The only other alternative is that they are utterly incompetent to such a degree that they are mentally ill with something like schizophrenia or some other psychosis.
But one must assume that since they were actively and zealously behind all that they now lay at the feet of regular people of their own counties and societies (colonialism, slavery, etc.) that they too now are actively behind this new plunder and enslavement to debt and erosion of currency and value. Why would they not be, they have only ever gotten away with it, barring a few revolutions here and there before they learned to control them.

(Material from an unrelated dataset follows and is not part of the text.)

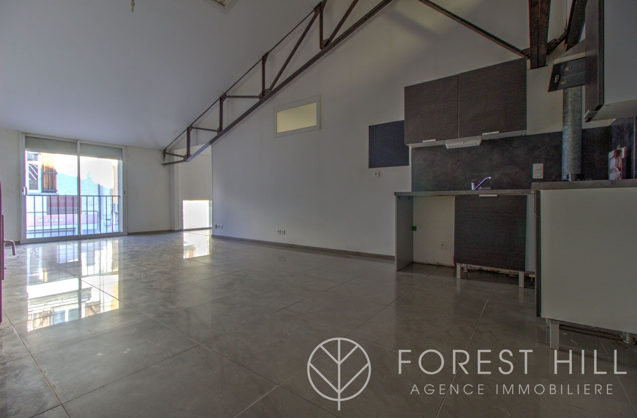 L'espace de vie principal, d'une superficie de plus de 45 m2, comprend une cuisine ouverte ainsi qu'un espace bureau, offrant confort et convivialité.
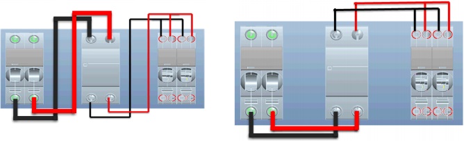 От того с какой стороны что подключено, зависит длина проводов внутри щита. Подумайте, как там оно всё будет расположено внутри. http://econtrol.com.ua/novosti/2522-obnovlenie-rele-napryazheniya-easy9-ot-schneider-electric Последняя модель реле Easy 9 подключается снизу. Предыдущая модель - сверху.

I like this approach to explain some of antivax as well. Essentially big pharma has just finished up a massive campaign that was the opioid pandemic. Essentially there’s going to be a large correlation between people with jobs that get them injured and targeted for opioid use, and those people being right. Opioid addiction that comes from that targeting isn’t just a single victim thing, someone addicted to something as hard as opioids is going to affect entire families and likely extended families. It’s going to essentially feel like a massive economic and spiritual attack to the family, by pharmaceutical companies (after all the news that came out of that social pandemic). So it makes sense that the seeds for not trusting the medical system are there and in insanely rich fertilizer to grow by even groups previously seen as insane like antivax groups (seriously both sides of the isle used to mock those groups). The worst part is that the people taking a drink of that koolaid, are able to literally take their life experience and draw a completely sane line from A to B that Big Pharma shouldn’t be trusted.
I’m vaccinated and boosted but I don’t know how I’d feel about people asking me to trust the Big Pharma if the life of my sibling or parent was pharmaceutically destroyed.